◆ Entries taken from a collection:
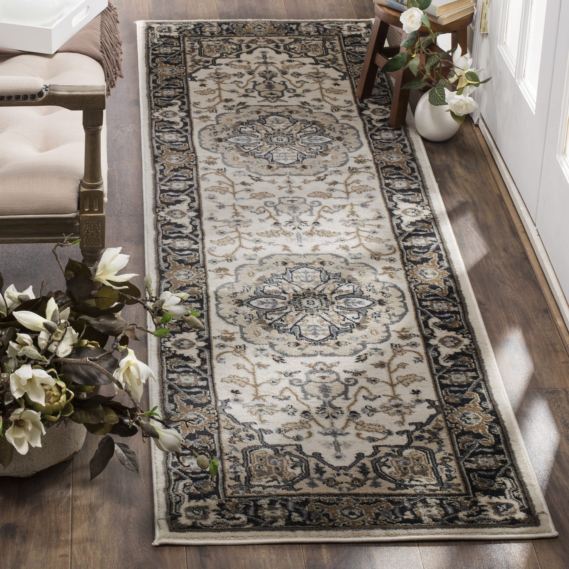Details: Safavieh's Lyndhurst collection offers the beauty and painstaking detail of traditional Persian and European styles with the ease of polypropylene. With a symphony of floral, vines and latticework detailing, these beautiful rugs bring warmth and life to any room.
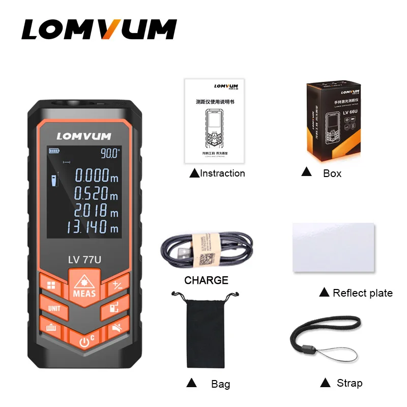 LOMVUM LV 77U Лазерный дальномер цифровой с аккумулятором, 77U Lomvum 40, 50,60,80,100 метров, с юсб зарядкой фабричная сборка
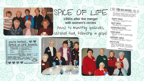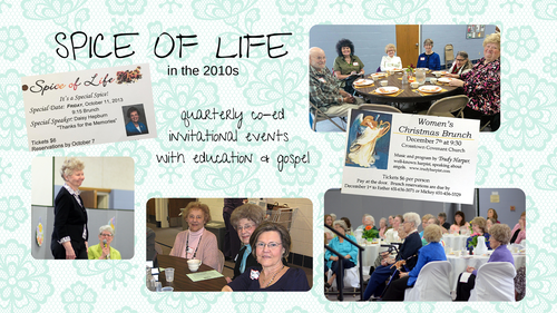 After a number of years Daisy was called to serve in a new location and moved away but her impact was so powerful and the ministry so meaningful that it couldn't end.The leadership reins for Spice had passed to Sharon Peterson and then to Bev Lohmann. Women’s ministry began to evolve and by 1987 at the merger of Elim Covenant Church and Park Avenue Covenant, ministry was no longer divided into service groups, but divided by functions and called “Circles.” Bev recalls the moment she knew God was calling her to lead Spice. Bev states she made a “bargain with God.” She would take over Spice if Ruth Holm would agree to catering the food. Bev mustered up her courage and approached Ruth in the parking lot to ask the big question. “I asked if she would cook for Spice and I would manage. She didn’t even let me finish the question because she was so intent on making Spice go.” Bev explains that she had two goals in taking over the ministry. She wanted to keep the spirit of Daisy’s mission alive and keep the cost low so that everyone was able to attend. The priority was Biblical programming and fellowship.
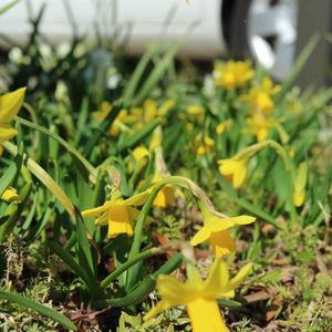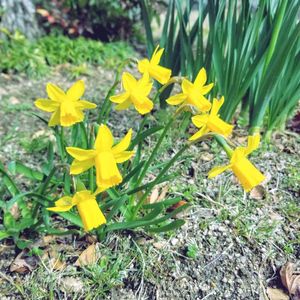 近所の公園で (2/25) 小さくて可愛らしい水仙 草丈15cmほど 幼稚園の子供たちみたいです🐥🐥🐥
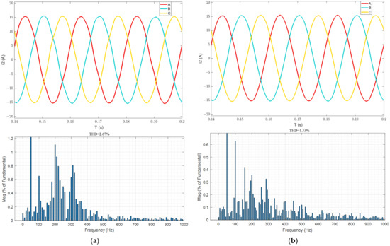 The comparison between Figure 16 and Figure 17 shows that the experimental waveform confirms the effectiveness of the proposed control strategy. Figure 16 shows that in the absence of grid impedance, the two control strategies show stable operation and low harmonics, indicating that they meet the requirements of grid connection under the condition of a strong power grid. Figure 17a shows that when Lg = 4.2 mH and the hybrid damping strategy of Ref. [24] are adopted, the harmonic component of the grid current increases. However, the improved control strategy, as shown in Figure 17b, effectively reduces the harmonic component by 1.1% compared with the previous control system. The improved control strategy significantly improves the current quality of the power grid, thus expanding the scope of application of the weak power grid, enhancing the stability of the system, and improving the ability to suppress harmonics.
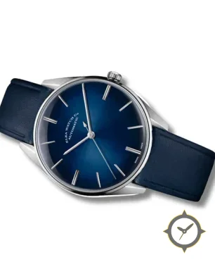 A Dress watch with a versatile 39.5mm case, that suits most wrists, crafted from stainless steel featuring a blue dial with a unique sunburst finish.

◆ Work request: Could the lines from the first entry through the line that contains "LOMVUM LV 77U" be copied exactly, with all pictures left out?

◆ Result for this exercise:
Details: Safavieh's Lyndhurst collection offers the beauty and painstaking detail of traditional Persian and European styles with the ease of polypropylene. With a symphony of floral, vines and latticework detailing, these beautiful rugs bring warmth and life to any room.
 LOMVUM LV 77U Лазерный дальномер цифровой с аккумулятором, 77U Lomvum 40, 50,60,80,100 метров, с юсб зарядкой фабричная сборка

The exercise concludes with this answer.